Cipher Brief Managing Editor Tom Nagorski spoke with Grieco and Colonel Bremer about these issues, and their concerns.
"The military is a very risk-averse organization, and justifiably so — when the military fails, the nation fails," Col. Bremer said. "So there has to be a certain amount of risk aversion, but there is a big difference between acute risk aversion and chronic risk aversion. When we try to manage both, and be risk averse in both areas, we run into problems."
Grieco echoed that concern, and noted that China in particular is racing ahead without the constraints imposed by a risk-averse approach. "We need to acknowledge that we are facing adversaries that are adaptive and creative," she said. "American ingenuity has always been one of our core strengths."
The following excerpts have been edited for length and clarity. You can hear the full conversation at The Cipher Brief video channel. Colonel Bremer wanted it known that the views he expressed were not necessarily those of the U.S. military.

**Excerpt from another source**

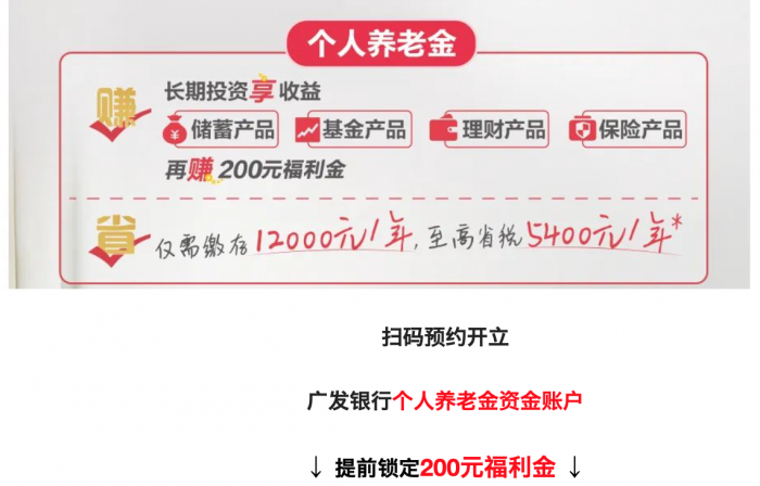 股份行中,广发银行扫码预约开立个人养老金资金账户, 提前锁定200元福利金;城商行中,北京银行(4.150,-0.01,-0.24%)个人养老金订阅有礼,最高88元微信立减金。

The Cipher Brief: Let's talk about the problem first. What do you think needs fixing?
Grieco: When we're thinking about innovation and the future of warfare, the DoD has a real challenge, which is trying to predict what it will look like in the future. Militaries are averse to risk. It makes sense. This is a serious business, trying to predict the future. And so they try to manage that uncertainty. And the tendency in managing uncertainty is to look at what's worked in the past and say, Well, that's worked, so we should do that again in the future. That works when warfare is not changing very rapidly and technology is not changing very rapidly. The problem is that today, when technologies are rapidly changing and we're seeing tremendous changes on the battlefield, it's actually creating risk that's not appreciated.
Col. Bremer: The military is a very risk-averse organization, and justifiably so — when the military fails, the nation fails. So there has to be a certain amount of risk aversion, but there is a big difference between acute risk aversion and chronic risk aversion. When we try to manage both and be risk averse in both areas, we run into problems.
It is much easier, especially within the acquisition process, to make small changes to weapons systems, to incrementally increase their capability, because we know that they've worked in the past, and so we can bet on them working in the future just a bit better. But when there are major changes technologically, when you change from an industrial age to an information age, fundamentally the way warfare is fought will change. And the military has to change with that, which means we have to bet on a changing future, not a static future.
The Cipher Brief: There are large enterprises within the Pentagon and the defense industrial system that do nothing but work on innovation. Are they not doing the work you are talking about?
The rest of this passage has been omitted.